In 2008, Vladimir Putin ordered Russian forces to occupy the Georgian provinces of South Ossetia and Abkhazia, on the border of Russia, which he labeled “breakaway republics.” The campaign signified the first time that the Russian military has crossed the border of a foreign nation outside of the Russian Federation since the end of the Cold War, but it would not be the last. In 2014, the Russian president also ordered the reoccupation of the Crimean Peninsula, now part of the sovereign territory of the nation of Ukraine. The Russian military and intelligence began direct support for rebel groups in the eastern Ukrainian provinces along the Russian border as well, biding time in a conflict that lay almost dormant for seven years, until Putin approved a major Russian invasion of Ukraine in February, 2022. Turkey has offered support to the Ukrainian government in the form of drones and other military technology, in a scenario reminiscent of the wars between the tsars and the proxies of the sultans over 400 years ago.

Meanwhile, Erdogan continues to expand his reach across the Muslim world, including north and east Africa where his support for the Islamist government in Libya, Hamas in the Palestinian territories, and his partnerships with Iran and China continue to fuel Turkish expansionism despite Turkey’s economic stagnation at home.

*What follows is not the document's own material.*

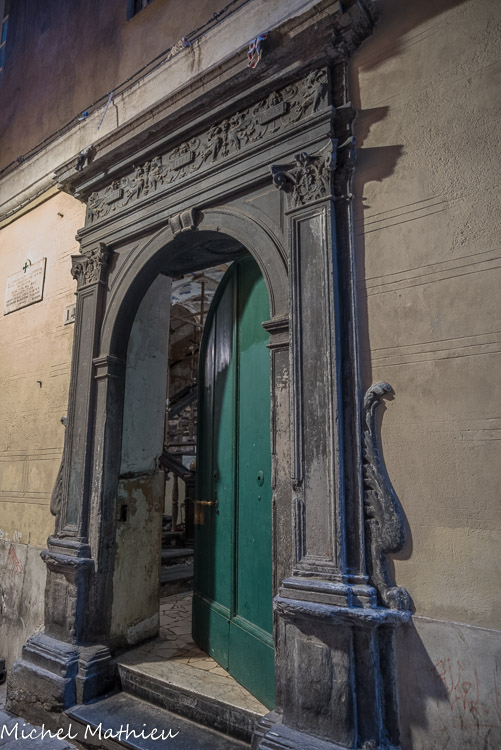 Église Santa Maria di Castello. Leonardo Riccomanno, portail de la sacristie.
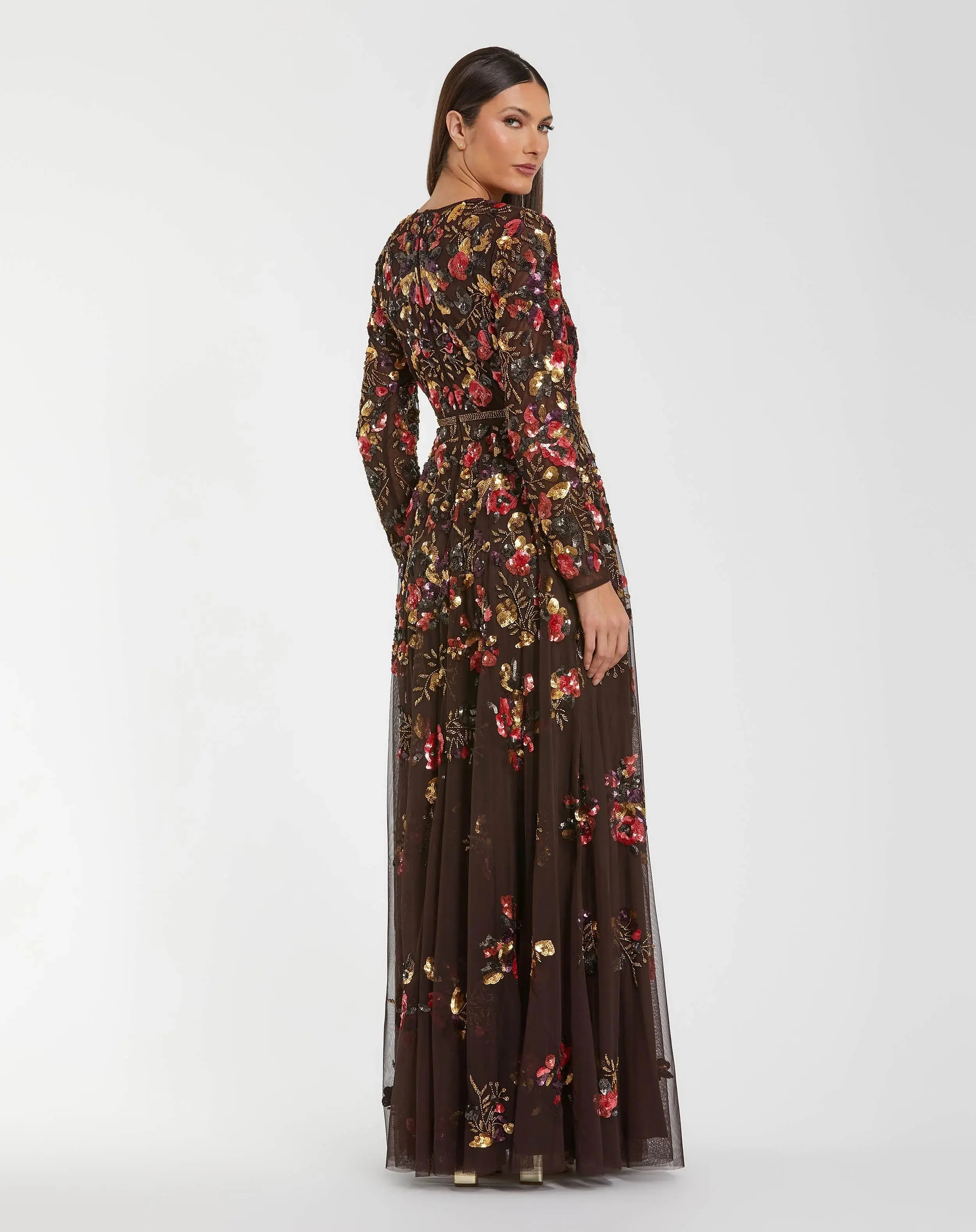 Brown Long Sleeve Floral Embellished Evening Gown

After two military campaigns inside Syria, Erdogan is now publicly announcing plans for a third, while Turkish commandoes and warplanes push deeper into Iraqi Kurdistan.

One example of where Turkish and Russian interests overlap and collide is in the ongoing conflict between Russian-supported Armenia and Turkish-supported Azerbaijan. After Azeri forces invaded the disputed border region of Nagorno-Karabakh in 2020, a brief tension hung over Russo-Turkish relations, as the war threatened a flashpoint in a historically-disputed Caucus territory between Russia and Turkey. Although the two powers are still adamant regarding their partnership, especially at the expense of the United States, history sets another precedent. Diplomatic marriages of convenience, mutual benefit, and common enemies can be a source of cohesion, but the historical force of two expansionist regimes within close geographical proximity cannot be escaped. Despite their best efforts, ambitious dictators who rule neighboring nations will eventually find themselves at odds and in arms. The prospect of direct military confrontation between Russia and Turkey seems unthinkable today, but in historical perspective, it would be far from the first time.